Что она переживала, о чём думала, куда уходила плакать, где искала укромное убежище, где пыталась найти забытье? Какой угол выбрала, чтобы умереть? Ничто не хранило никаких знаков, разве только сам факт, что большинство комнат были заперты или замурованы. Узница не видела отсюда ни неба, ни моря. Она была заживо похоронена и ожидала смерти. Император шёл, жестами веля открыть дверь, отодвинуть громоздкий прогнивший деревянный хлам или поломанную мебель. И двигался дальше.

Старики надзиратели бросились освобождать проходы, они руками отгребали пыль от его обуви, обуви нового императора, и ему на ходу случалось задевать лица этих жалких людей, стоящих на коленях. Но никто не реагировал.

Он не просил разъяснений раньше и не спрашивал ничего теперь. Ему хотелось колотить кулаками в стены, чтобы камни заговорили. Его молчание усиливало страх тюремщиков. В одной маленькой комнатушке, наверное бывшей изначально альковом, он увидел на стене длинные бурые пятна, казавшиеся следами крови.

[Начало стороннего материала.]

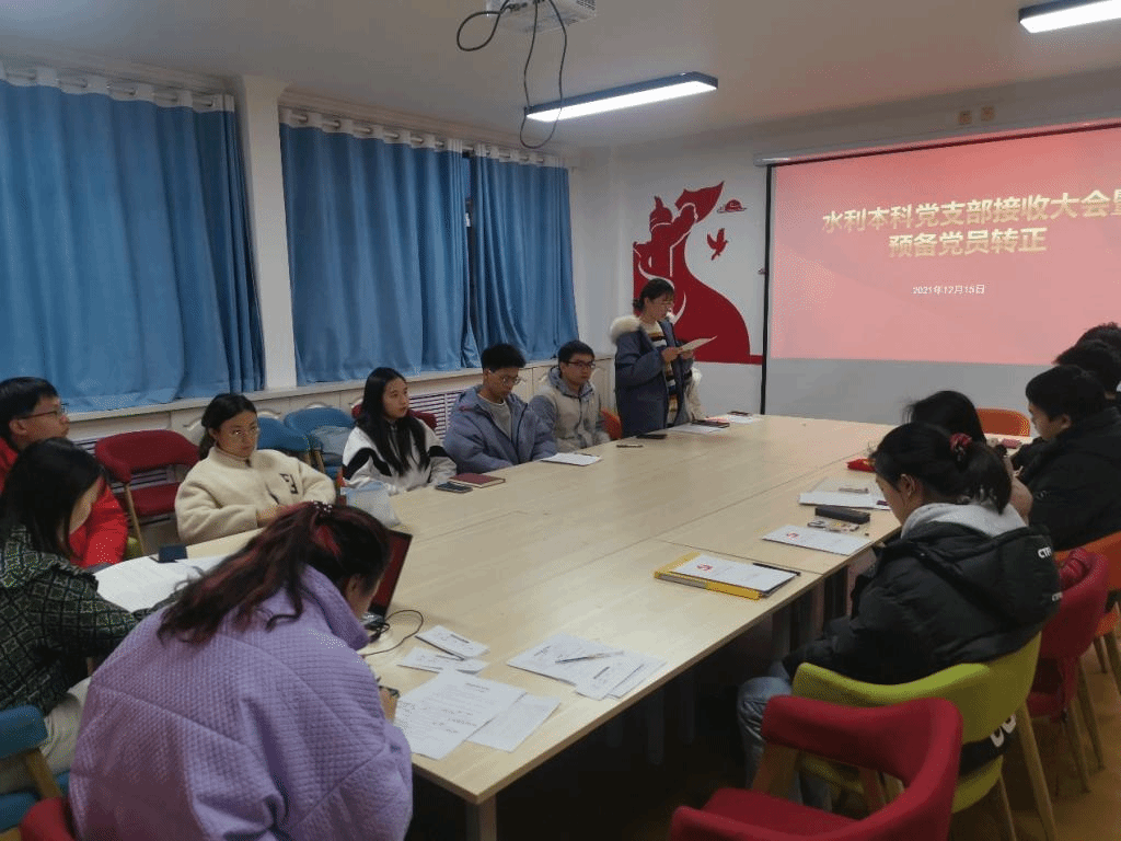 水利本科党支部于党员活动室召开党员大会,大会主要议题是讨论预备党员接收暨预备党员转正问题。支部书记梁冀宁主持此次会议,支部学生党员11人,发展对象3人参加会议。

Ему хотелось кричать, но он продолжал ходить, словно ничего не видел. Никто не смел приблизиться, даже милый Геликон держался на расстоянии. Гай мысленно разговаривал с матерью, от комнаты к комнате, словно говорил с мёртвыми. Его скорбь не находила утешения, а вопросы – ответов.

«Тебе как-то удалось узнать, что я жив? Ты знала, где два других твоих сына – один в Понтии, а другой погребён в Палатинском подземелье? Помнишь, как твой Германик, наш отец, был в отчаянии от расставания с тобой, когда внутри горел яд и у него путались мысли? Возможно, вы каким-то образом встретились там, если там что-то есть, кроме теней? Ты слышишь, знаешь, каким-то образом видишь, что я здесь? Что моей первой мыслью в качестве императора, когда весь мир распростёрся у моих ног, была мысль об этом?»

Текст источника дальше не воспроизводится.